Hello everybody, I hope you’re having an amazing day today. Today, we’re going to prepare a special dish, chicken braised in coconut and tomato. It is one of my favorites food recipes. For mine, I am going to make it a bit unique. This is gonna smell and look delicious.
Chicken Braised in Coconut and Tomato is one of the most favored of recent trending foods on earth. It is simple, it is fast, it tastes delicious. It’s enjoyed by millions every day. They’re nice and they look wonderful. Chicken Braised in Coconut and Tomato is something that I have loved my entire life.
Here, they are browned, then braised in a fragrant tomato-coconut broth flecked with ginger, garlic, cumin and cinnamon. The result is a rich, stew-like dish, which works nicely served over white rice. By cooking the rice as the chicken finishes braising, you can get everything on the table at the same time.
To get started with this particular recipe, we have to prepare a few components. You can have chicken braised in coconut and tomato using 13 ingredients and 4 steps. Here is how you can achieve that.
The ingredients needed to make Chicken Braised in Coconut and Tomato:
- Prepare 8 chicken thighs, bone-in and skin-on
- Make ready 2 tsp ground cumin
- Prepare 2 tsp ground coriander
- Get 1 tsp ground cinnamon
- Get 1/2 tsp hot paprika
- Take 1/4 cup tomato paste
- Take 5 cloves garlic, thinly sliced
- Get 1 medium onion, sliced
- Get 1/2 cup chicken stock
- Make ready 1 (14 oz) can coconut milk
- Prepare 1 tsp honey
- Make ready 1 thumb-sized nub ginger, peeled and very thinly sliced
- Take 1 handful cilantro, chopped
Garnish with the gremolata and cilantro sprigs and serve with lime wedges. The braised chicken can be refrigerated overnight. This easy tomato braised chicken recipe is basically screaming for you to customize. Make the dish creamy by finishing the dish with a splash of half and half, creme fraiche, coconut cream (or How to Use Leftover Tomato Braised Chicken.
Instructions to make Chicken Braised in Coconut and Tomato:
- Season the chicken thighs with salt and pepper. Put a large pan on medium-high heat and add the chicken, skin-side down. Fry for about 5 minutes until browned, then flip over and fry 5 minutes on the other side.
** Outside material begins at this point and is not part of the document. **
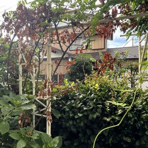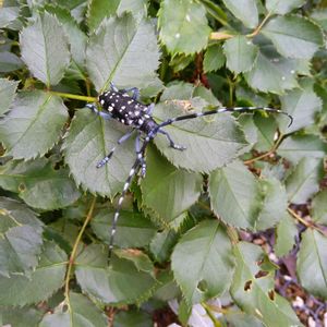 夏につるバラ、ローゼンドルフシュパリースホップの葉がだんだん茶色くなり、遂には枯れてしまいました。夏が暑すぎて水やりが足りなかったのかと思っていましたが、昨日枝を切ったらカミキリムシの幼虫が、根本の茎の中に潜んでいました。根本が見にくい場所にあるため、カミキリムシに気づきませんでした。一昨年は葡萄がカミキリムシにやられてしまい全体が枯れてしまいました。日頃から注意してみていないと駄目という事を痛感しました。2枚目は枝に潜む幼虫、3枚目は取り出した幼虫です。

Remove the chicken to a plate and drain the excess oil from the pan.
- Add the spices to the pan and let them toast for 1 minute. Stir in a small splash of veg oil and continue frying 1 minute. Add the tomato paste, garlic and onion and continue cooking 3 to 4 minutes. Add the chicken stock, coconut milk, honey, a good dash of salt and several grinds of black pepper and reduce the heat to low.
- Lay the chicken pieces back in the pan. Cover (make sure the lid is slightly ajar) and let simmer for 40 minutes. Flip the chicken every few minutes.
- Remove the cover and sprinkle the ginger slices into the pan. Continue simmering for 5 minutes. Sprinkle in the chopped cilantro, then serve the chicken and sauce atop freshly steamed rice.
Tacos: Shred the chicken and make tinga style tacos with. This Chicken, Coconut & Tomato Curry. It's quite possibly the easiest cook-from-scratch curry recipe you'll find, using just a handful of simple ingredients. I also added chick peas and served over crispy lentil cakes I had fried in coconut oil. Next time I think I will add Spinach or serve over a plate of.
So that’s going to wrap this up for this special food chicken braised in coconut and tomato recipe. Thank you very much for your time. I am sure you will make this at home. There is gonna be more interesting food in home recipes coming up. Don’t forget to bookmark this page in your browser, and share it to your loved ones, friends and colleague. Thank you for reading. Go on get cooking!